**Exercise brief**
Below is a listing with pictures. Repeat exactly the lines starting at the one holding "Bracelet-montre rubber intégré" and going on through the one holding "Calvin Klein Narsha", and leave every picture out.

**Records for this exercise**
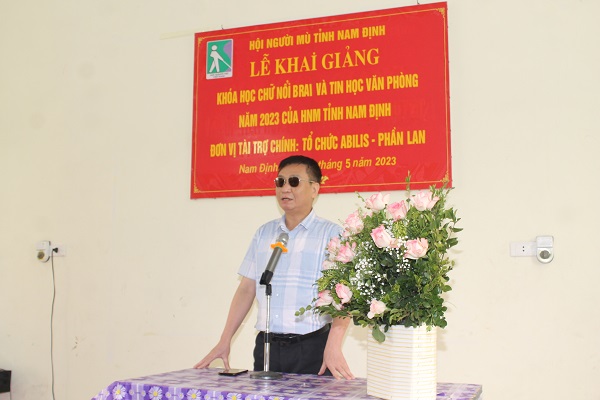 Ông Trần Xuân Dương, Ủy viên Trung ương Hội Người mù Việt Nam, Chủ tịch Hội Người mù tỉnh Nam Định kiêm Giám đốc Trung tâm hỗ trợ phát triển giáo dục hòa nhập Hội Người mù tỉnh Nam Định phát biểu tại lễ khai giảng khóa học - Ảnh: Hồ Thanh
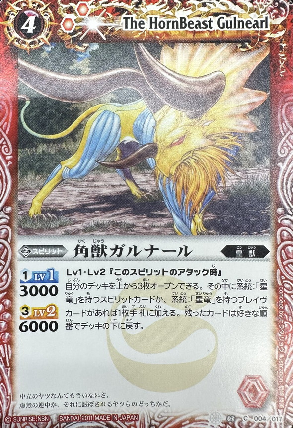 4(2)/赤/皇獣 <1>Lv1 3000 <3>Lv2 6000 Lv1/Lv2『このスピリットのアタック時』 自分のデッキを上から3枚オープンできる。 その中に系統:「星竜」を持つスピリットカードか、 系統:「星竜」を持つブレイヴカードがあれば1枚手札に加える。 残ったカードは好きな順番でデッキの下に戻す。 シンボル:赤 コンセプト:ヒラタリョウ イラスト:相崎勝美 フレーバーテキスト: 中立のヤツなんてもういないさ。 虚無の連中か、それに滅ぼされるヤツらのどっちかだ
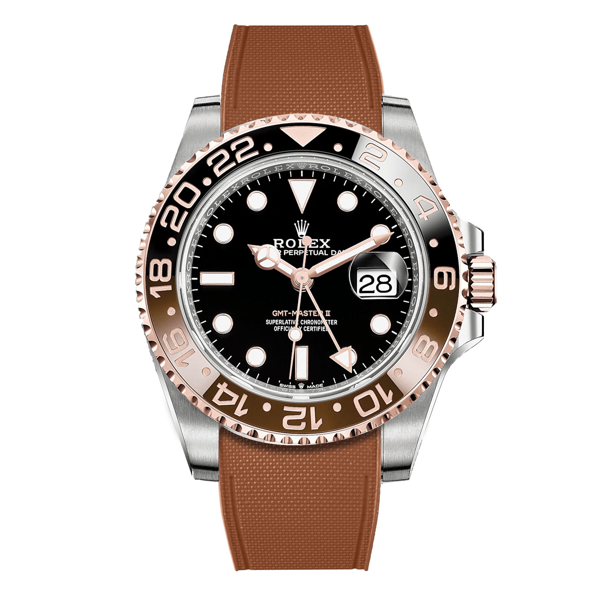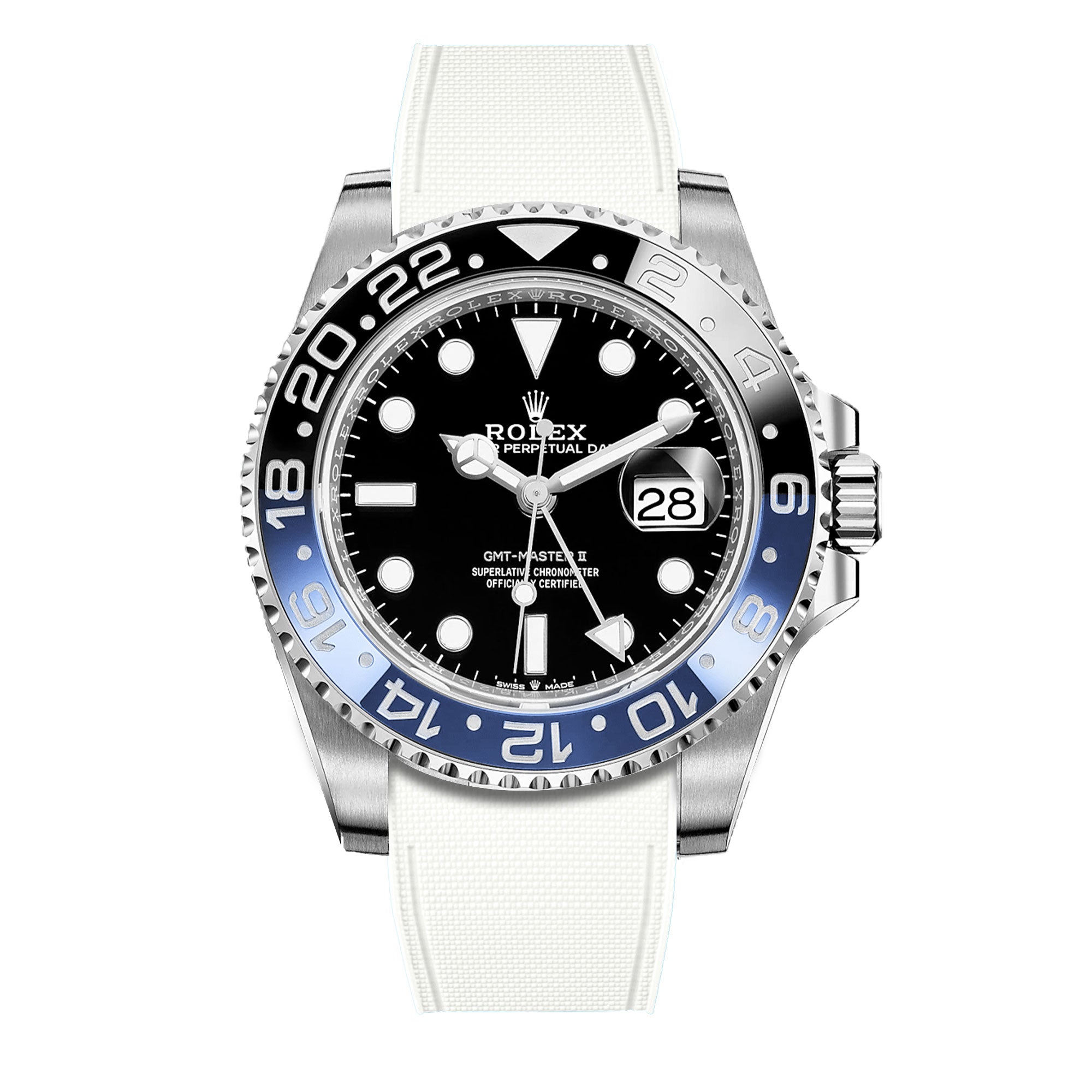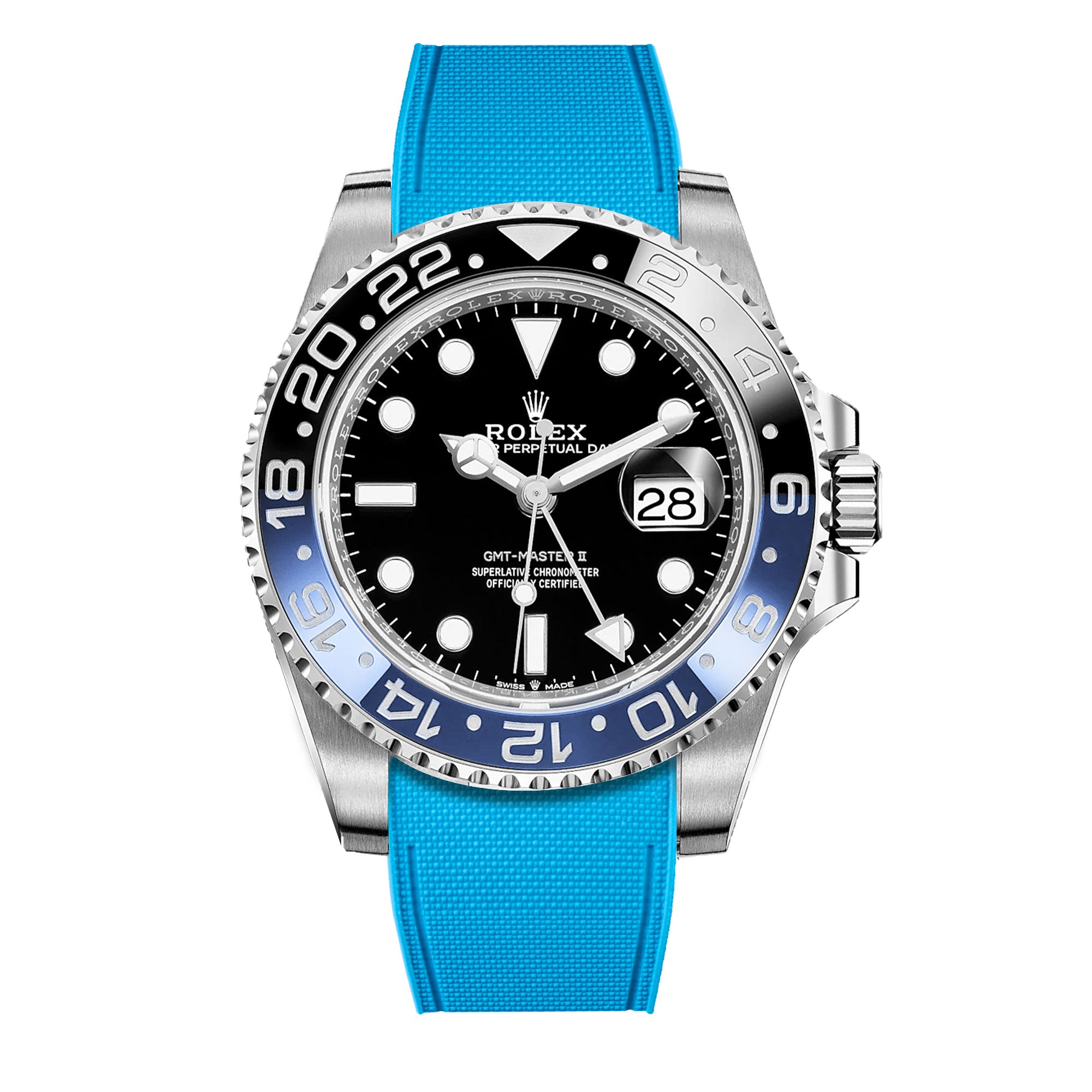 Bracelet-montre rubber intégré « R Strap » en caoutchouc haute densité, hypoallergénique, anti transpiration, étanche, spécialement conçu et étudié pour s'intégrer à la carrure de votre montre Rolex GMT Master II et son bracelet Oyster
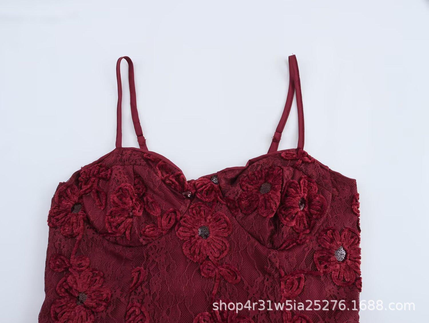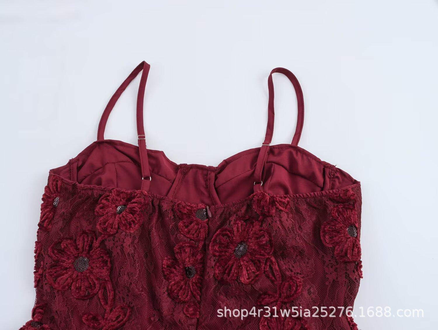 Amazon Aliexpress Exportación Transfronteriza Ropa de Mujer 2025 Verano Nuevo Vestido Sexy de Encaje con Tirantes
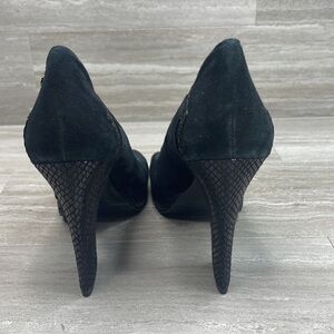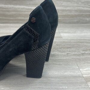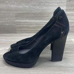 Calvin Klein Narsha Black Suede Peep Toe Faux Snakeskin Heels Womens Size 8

--

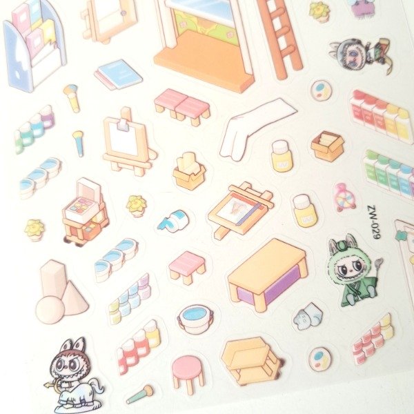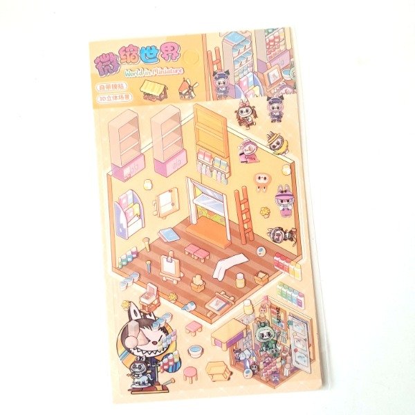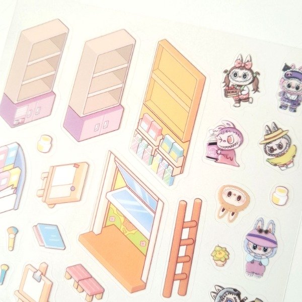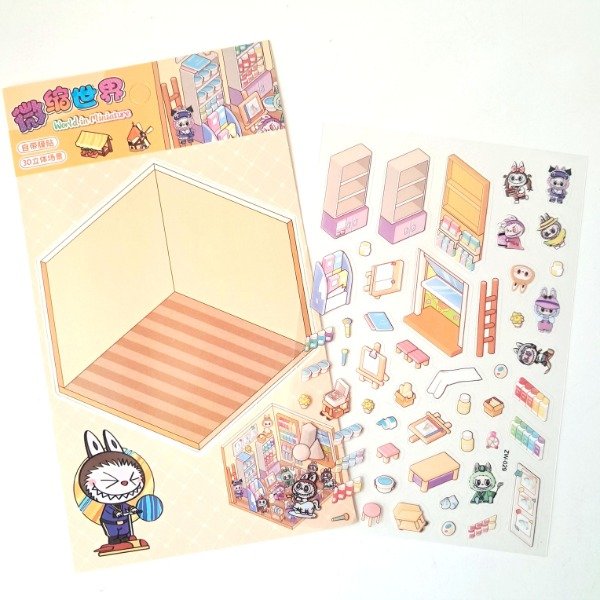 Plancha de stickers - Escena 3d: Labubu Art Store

==

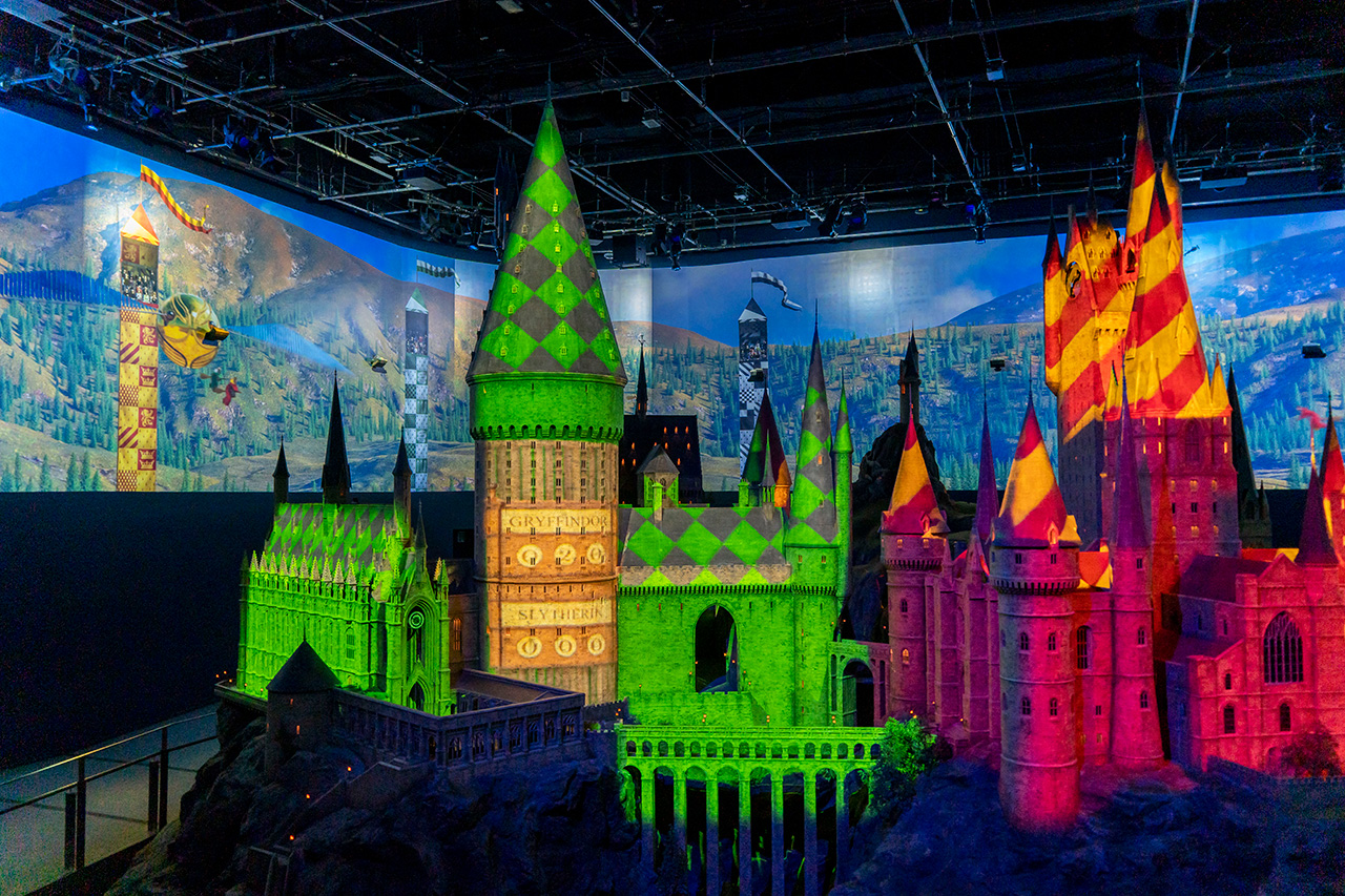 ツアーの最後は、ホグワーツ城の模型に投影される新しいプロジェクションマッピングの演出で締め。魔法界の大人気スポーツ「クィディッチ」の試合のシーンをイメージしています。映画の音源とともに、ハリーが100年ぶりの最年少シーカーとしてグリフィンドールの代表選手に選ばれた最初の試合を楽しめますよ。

**Written solution**
 Bracelet-montre rubber intégré « R Strap » en caoutchouc haute densité, hypoallergénique, anti transpiration, étanche, spécialement conçu et étudié pour s'intégrer à la carrure de votre montre Rolex GMT Master II et son bracelet Oyster
 Amazon Aliexpress Exportación Transfronteriza Ropa de Mujer 2025 Verano Nuevo Vestido Sexy de Encaje con Tirantes
 Calvin Klein Narsha Black Suede Peep Toe Faux Snakeskin Heels Womens Size 8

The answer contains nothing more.